Tuesday, May 3, 2011

Two Ways To Live Your Life

One day early last week LC and I spent time in Powell - a small farming community 20 miles from Cody.
LC had business to attend to, and with time to kill I left a loudly protesting Jamie behind in the truck and took a walk through town.
I had heard about the Homesteader Museum and unexpectedly found it while wandering around.

Entrance to this small museum was free and although they are still ramping up for the summer tourist season it turned out to be a short but surprisingly fun experience.
What really struck me at first (and what also really struck me when we walked through the free museums in Meeteetse a couple of weeks ago) was how very enthusiastic and knowledgeable the museum volunteers were.
These are local people.  
People who have lived in these small towns their entire lives.  
People who both speak and smile easily.
Who know the local history and who genuinely seem to enjoy sharing their town history with visitors.
Their enthusiasm was contagious, and in each of these small town museums I happily wandered around the exhibits taking in all of the items that reflected life in the past...........
A side street scene from downtown Powell.
Powell is a very nice town.  Similar to Cody in that it has very wide and clean streets and friendly small town people.
There are no "big box" stores in Powell.
No Wal-marts or K-marts or Home Depots.  Very few chain fast food restaurants.  Lots of small business owners.
Whenever LC and I drive to Powell we speculate about living there at some point in the future - mostly to get away from the overwhelming number of tourists that we have heard invade Cody during the summer.
But whenever we drive back to Cody we inevitably decide that we like Cody better.
We'll see.
We are settled in one place for now and greatly like where we are.
For the small house we are currently renting I managed to find place for an old 10 foot wooden table.  
And 30 stoneware crocks.
And a pewter collection and quilt collection and wooden spool collection.
Don't ask how because I have no idea but we made it work.
There are multiple plastic storage containers in the shed with our names on them and LC has good naturedly asked that if I decide to start up another collection to make it a stamp collection.
I love the thousands of acres of BLM land behind the house, the scenes of the mountains that surround us and the increasingly frequent sunsets we see from the porch in the evenings...............
There is a mom and pop restaurant in Powell called Hansel and Gretals.
These whimsical characters were on the outside of the restaurant (which is actually a combination pub slash restaurant) and were what initially caught my attention.
After I met up with LC again we went for a late lunch here.
When we walked into the building the first thing I saw was a piano painted bright red and again with these two figures painted on the sides. 
It was not as goofy as it sounds.
Between the heavy dark wood, the ginger-bread decoration, more Hansel and Gretal characters and multiple big-screen TV's playing everything from Nascar to hockey to rodeo to Fox News it was an interesting and unique place.  
And always happy to support a local business.
Two big chili dogs with fries, a beer and a coke and we were on our way.............
I am not certain why but I thought a lot about Alaska today.
There were so many things that I loved about living there - the channel, the mountains, the pine trees, the rivers and streams, Eagle Beach, Skaters Cabin, Mendenhall Glacier, Mt McGinnis and Mt Roberts and the tramway, the over-the-top excitement of the tourist season, the Boy Scout Trails, the boats in the harbors, the boardwalks, the ferry, Haines, Ketchikan, Sitka, bears, eagles.  
With very few exceptions I do not miss the people.  At all.
And truthfully it is nice to be in the sun again.
I received a phone call from one of my young managers today.  
He resigned after being in Juneau for three months, is now in California and good-naturedly complained to me today about his sunburn.  He sounds happy and I am happy for him.
I liked him very much and wish that I had had the chance to work with him longer..........
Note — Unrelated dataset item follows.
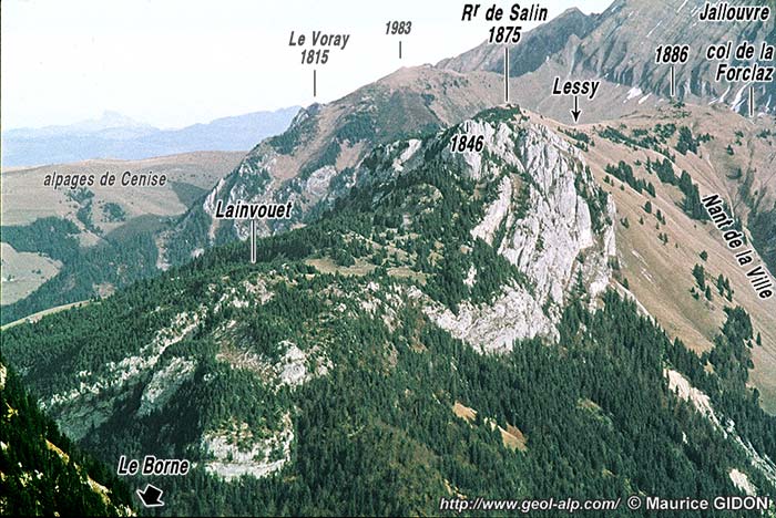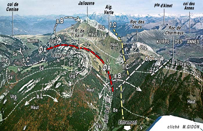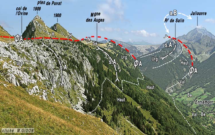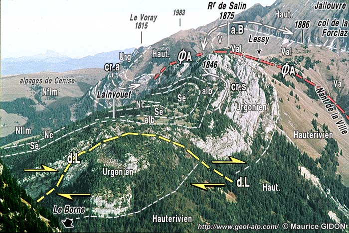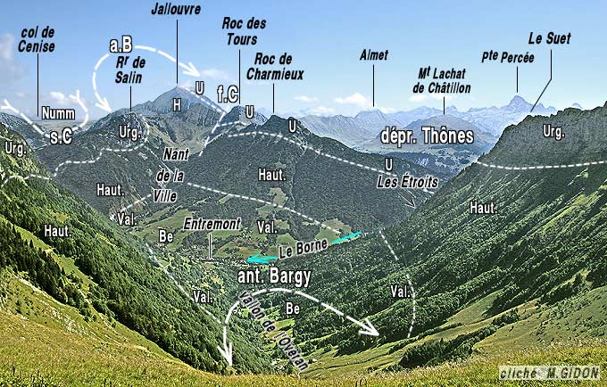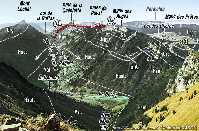 ![]() La rive gauche du Borne, vue du NE, depuis la rive droite (de l'Aiguille Verte du Chinaillon). a.B = anticlinal du Bargy ; ØA = chevauchement des Auges ; s.A = synclinal des Auges ; a.L = anticlinal du Lainvouet ; s.G = synclinal des Glières. |

Wyoming is very beautiful in a way that is very different from Alaska and I find myself still trying to wrap my brain about the differences.
It is a culture shock.  
Because of the change in landscape.  The change in weather.  The whole "cowboy thing".
I like Wyoming very much.
I like the honest and open and down-to-earth people very much.
The sheer "realness" of the people lightens my heart a little more each day.
And that it what I needed at the beginning of a new life........

More sunset pictures taken from the front porch..........
I clicked on a Stats tab for the first time while blogging today and found out some way-cool information about my blog.  
It told me how many had visited the site today, this week, this month, since I began blogging.
Which blog posts people visited the most.
Which countries had visited the site.
People from the US, Canada, Australia, England, Russia, India, Qatar, Ukraine to mention only a few.
I had NO IDEA who all was reading this thing (or even if anyone was really reading this thing anymore since I moved from Alaska).
That was not really the point of the blog of course.
I started it initially as a way to keep friends and family informed about what my new life in Alaska was like.
And (thanks to a shiny new digital camera that my oldest son bought for me for Christmas right before I left Tennessee) a way to show pictures of what Alaska looked like.
Other readers were not really the point initially but it is nice to know that people look and read and visit.
Thanks to all...........
 
 There are only two ways to live your life.
One is as though nothing is a miracle.
The other is as though everything is a miracle.